• _EXERCISE AIM_: From the entries below, reproduce exactly the line containing "One shoulder black", the line containing "1. O rzekomo", and every line in between, with nothing added.

• _EXTRACTED DATA_:

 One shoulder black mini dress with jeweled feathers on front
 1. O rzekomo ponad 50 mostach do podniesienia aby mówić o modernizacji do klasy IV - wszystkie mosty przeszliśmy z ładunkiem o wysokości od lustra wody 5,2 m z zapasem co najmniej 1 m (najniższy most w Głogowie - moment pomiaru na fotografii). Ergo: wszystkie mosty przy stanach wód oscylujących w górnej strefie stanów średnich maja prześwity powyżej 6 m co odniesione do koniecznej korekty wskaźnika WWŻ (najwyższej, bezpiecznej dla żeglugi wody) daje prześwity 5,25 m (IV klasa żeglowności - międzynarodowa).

==

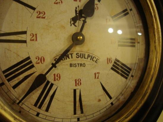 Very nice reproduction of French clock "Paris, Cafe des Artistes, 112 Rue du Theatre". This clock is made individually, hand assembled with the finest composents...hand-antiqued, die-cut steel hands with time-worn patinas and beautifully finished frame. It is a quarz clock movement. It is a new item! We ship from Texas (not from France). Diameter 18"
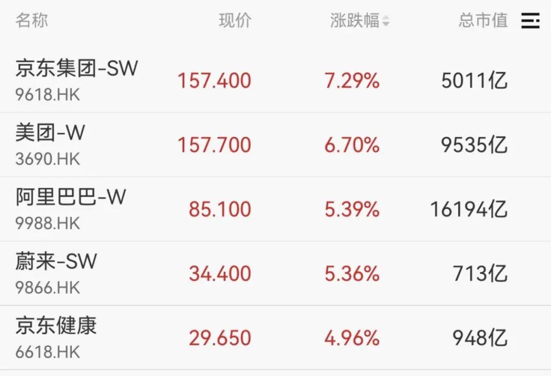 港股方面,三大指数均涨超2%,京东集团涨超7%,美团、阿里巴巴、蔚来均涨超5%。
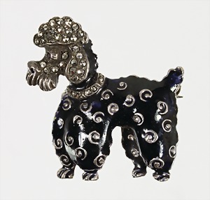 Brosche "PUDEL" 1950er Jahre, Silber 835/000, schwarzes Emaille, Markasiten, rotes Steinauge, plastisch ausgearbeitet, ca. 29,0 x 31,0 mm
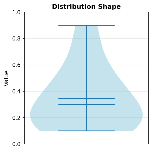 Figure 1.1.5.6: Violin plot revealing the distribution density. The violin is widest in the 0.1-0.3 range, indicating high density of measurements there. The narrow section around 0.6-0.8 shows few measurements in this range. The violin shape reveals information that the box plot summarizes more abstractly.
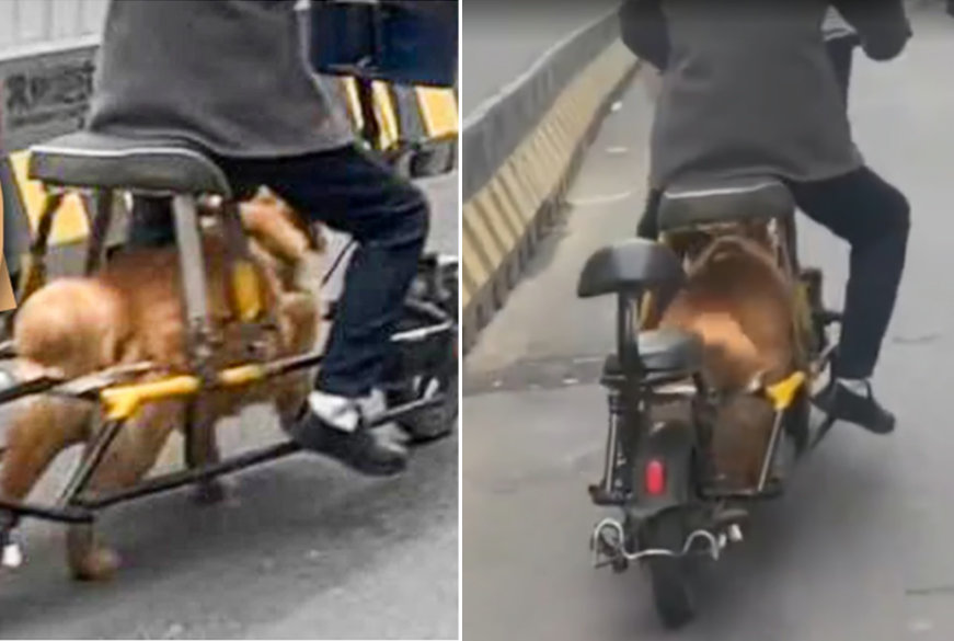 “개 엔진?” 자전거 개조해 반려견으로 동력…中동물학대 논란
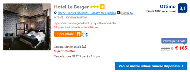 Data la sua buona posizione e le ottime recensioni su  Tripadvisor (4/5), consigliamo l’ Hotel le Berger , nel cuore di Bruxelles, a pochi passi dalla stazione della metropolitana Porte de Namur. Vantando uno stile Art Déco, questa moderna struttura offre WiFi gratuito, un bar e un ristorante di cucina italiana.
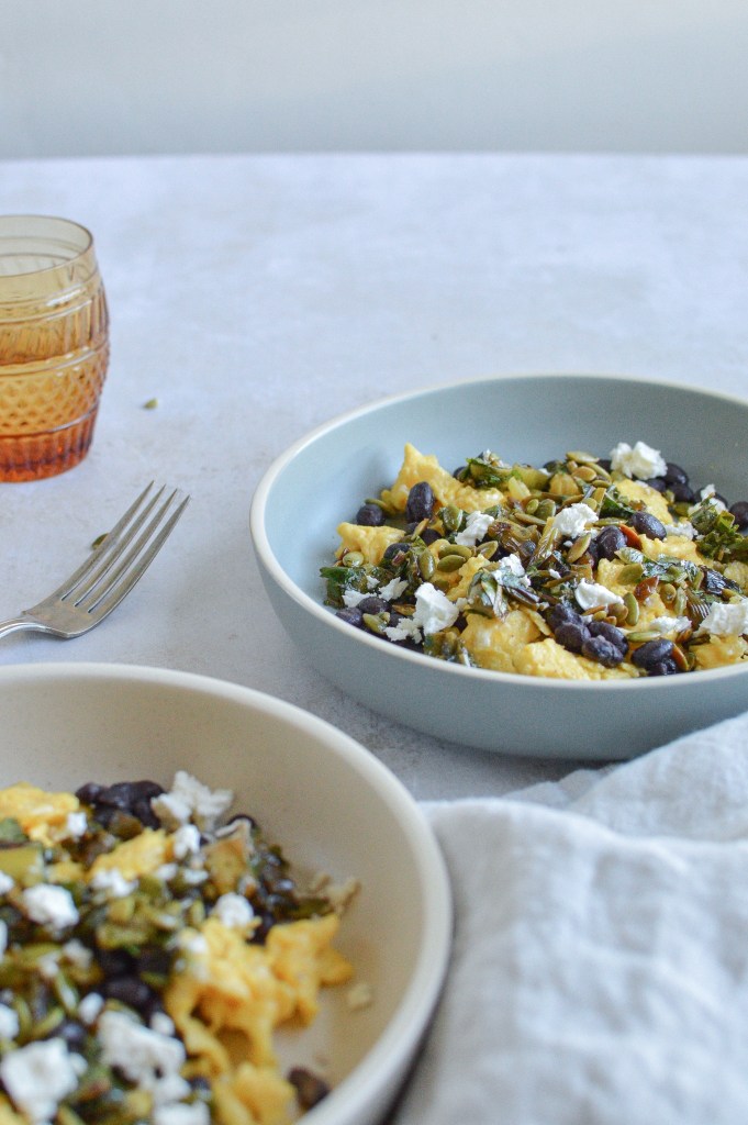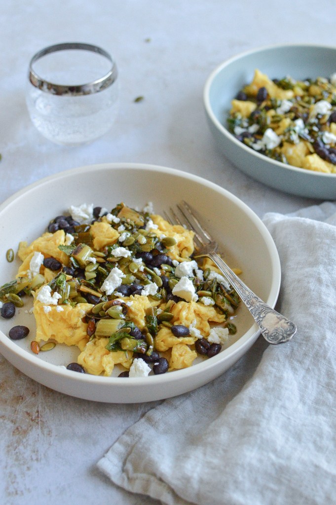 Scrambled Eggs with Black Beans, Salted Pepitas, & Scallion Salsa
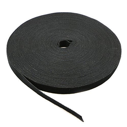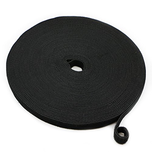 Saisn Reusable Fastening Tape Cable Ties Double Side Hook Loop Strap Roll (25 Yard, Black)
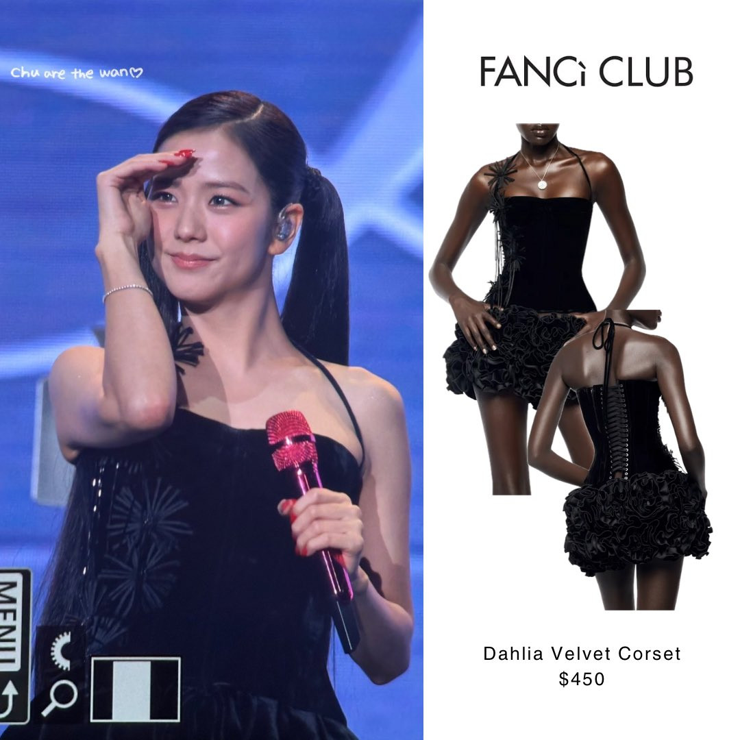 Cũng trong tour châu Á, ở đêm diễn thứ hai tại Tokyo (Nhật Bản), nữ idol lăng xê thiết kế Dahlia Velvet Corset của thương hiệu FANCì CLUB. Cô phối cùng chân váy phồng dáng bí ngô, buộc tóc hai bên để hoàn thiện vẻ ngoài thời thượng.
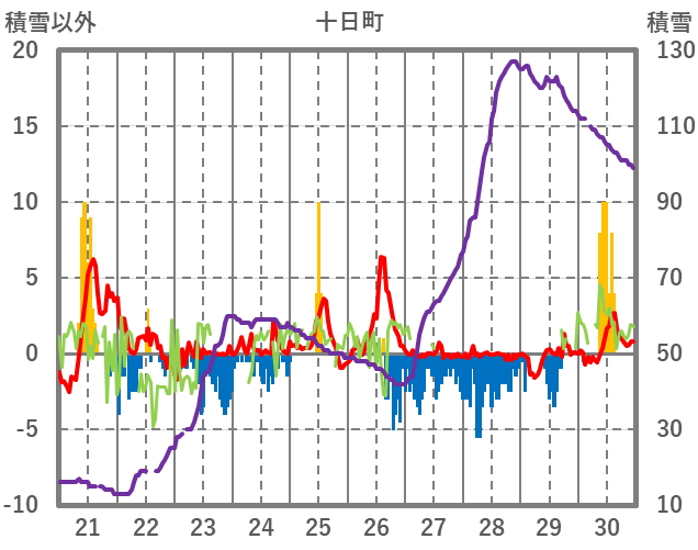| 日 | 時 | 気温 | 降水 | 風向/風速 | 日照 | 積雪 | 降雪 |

---

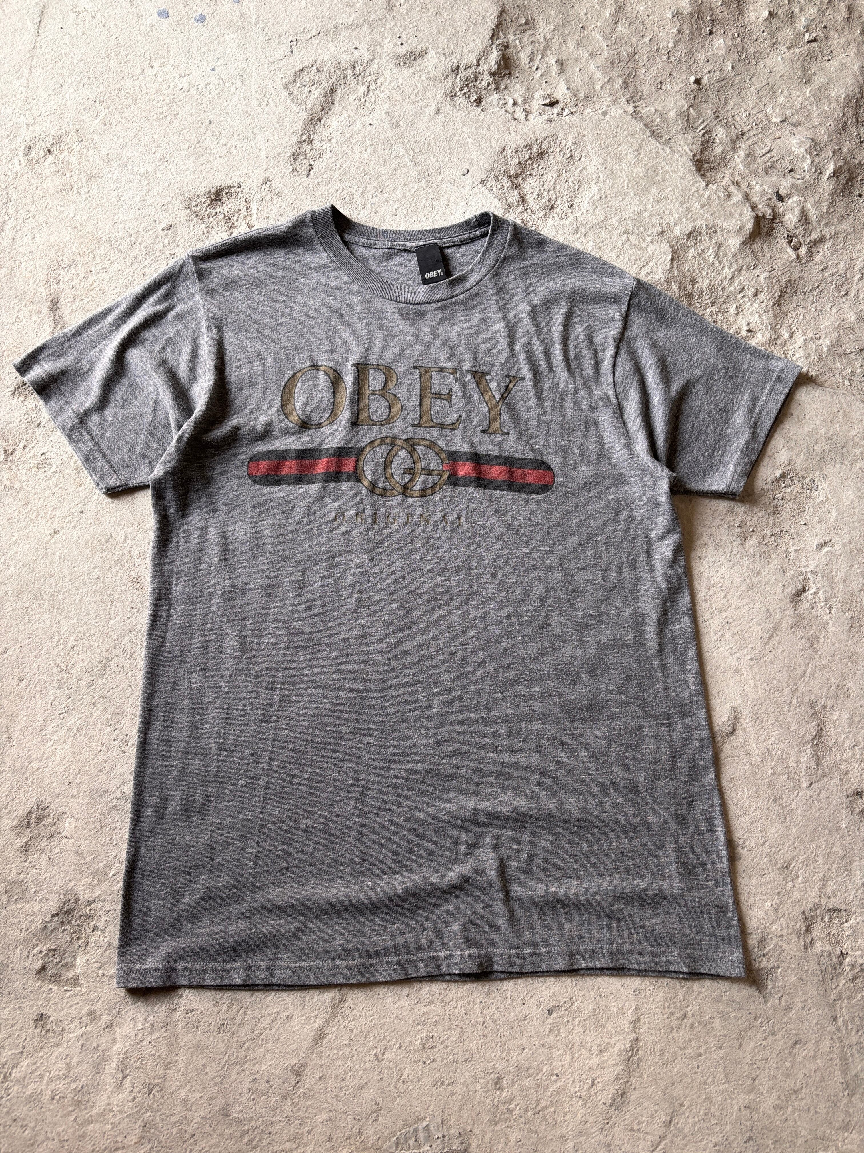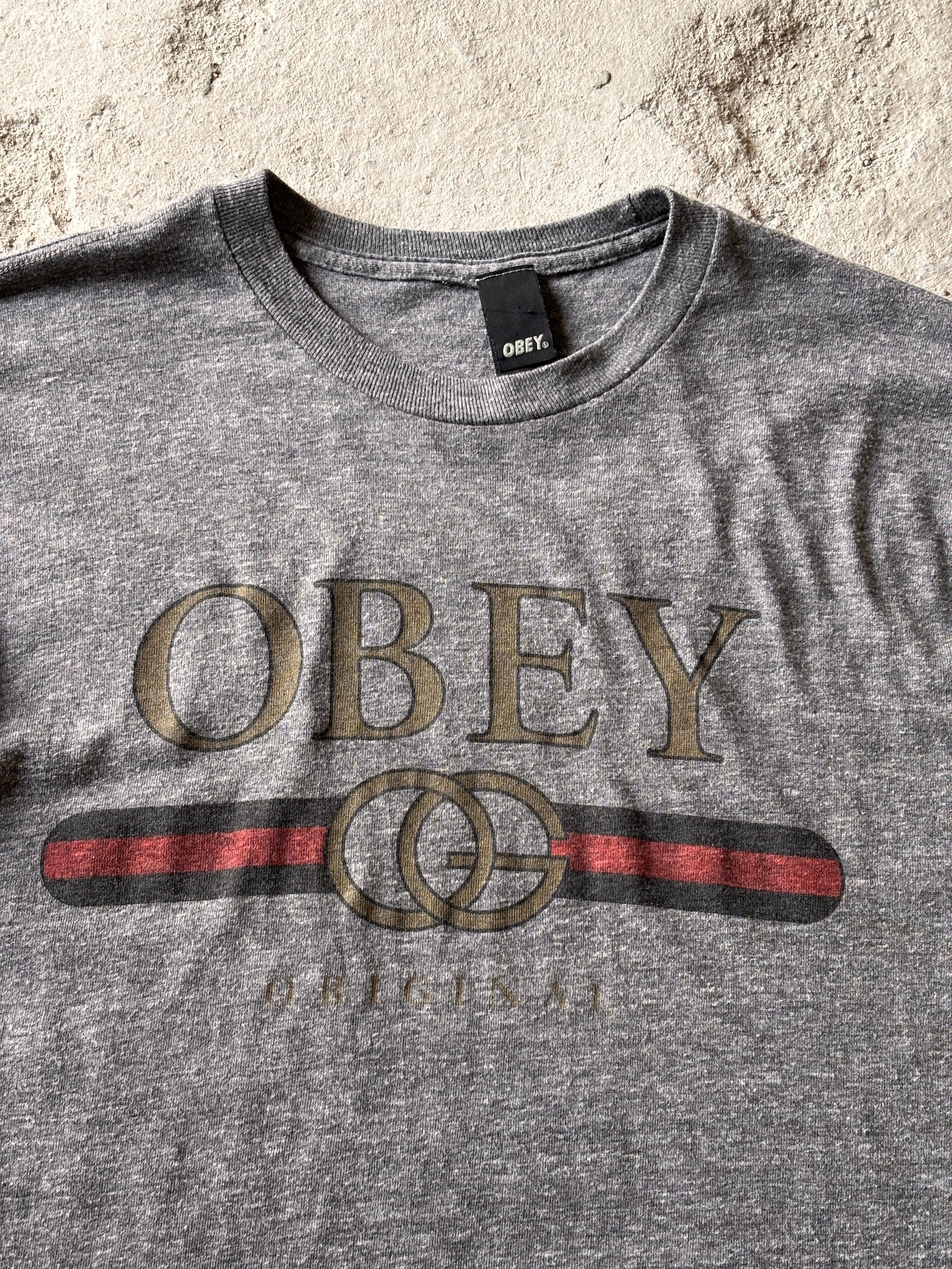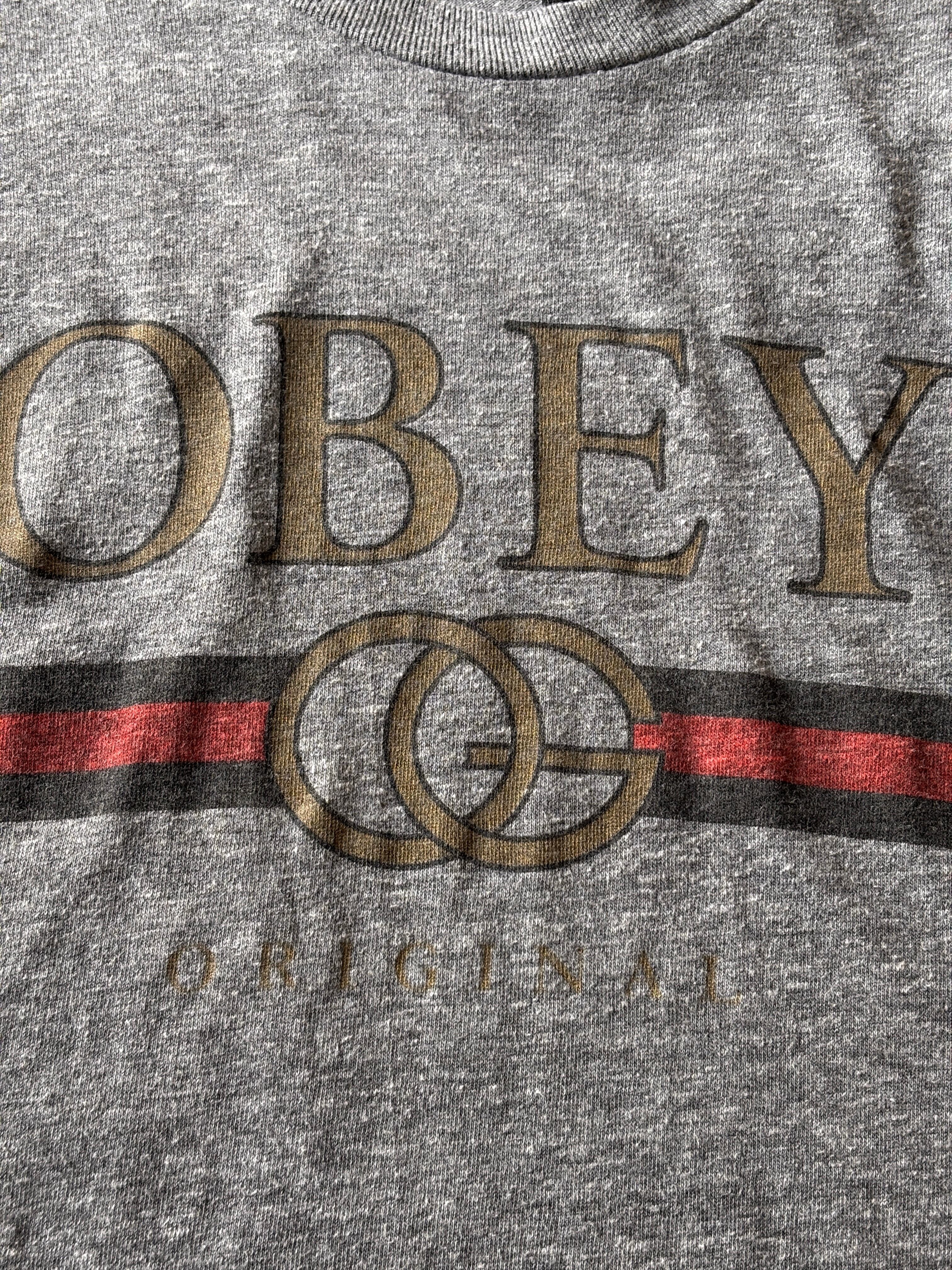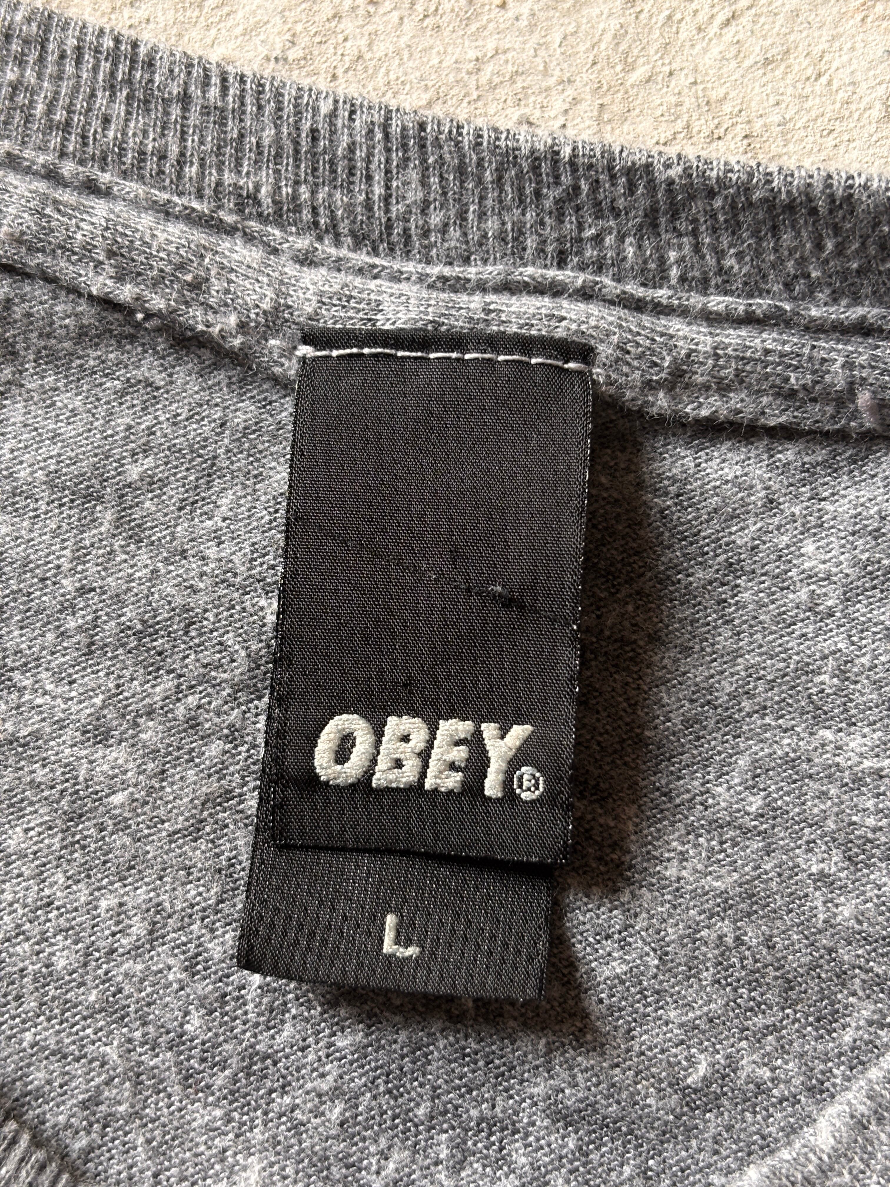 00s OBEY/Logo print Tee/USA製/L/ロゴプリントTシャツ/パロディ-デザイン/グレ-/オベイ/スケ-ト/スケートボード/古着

• _FINISHED TASK_:
 One shoulder black mini dress with jeweled feathers on front
 1. O rzekomo ponad 50 mostach do podniesienia aby mówić o modernizacji do klasy IV - wszystkie mosty przeszliśmy z ładunkiem o wysokości od lustra wody 5,2 m z zapasem co najmniej 1 m (najniższy most w Głogowie - moment pomiaru na fotografii). Ergo: wszystkie mosty przy stanach wód oscylujących w górnej strefie stanów średnich maja prześwity powyżej 6 m co odniesione do koniecznej korekty wskaźnika WWŻ (najwyższej, bezpiecznej dla żeglugi wody) daje prześwity 5,25 m (IV klasa żeglowności - międzynarodowa).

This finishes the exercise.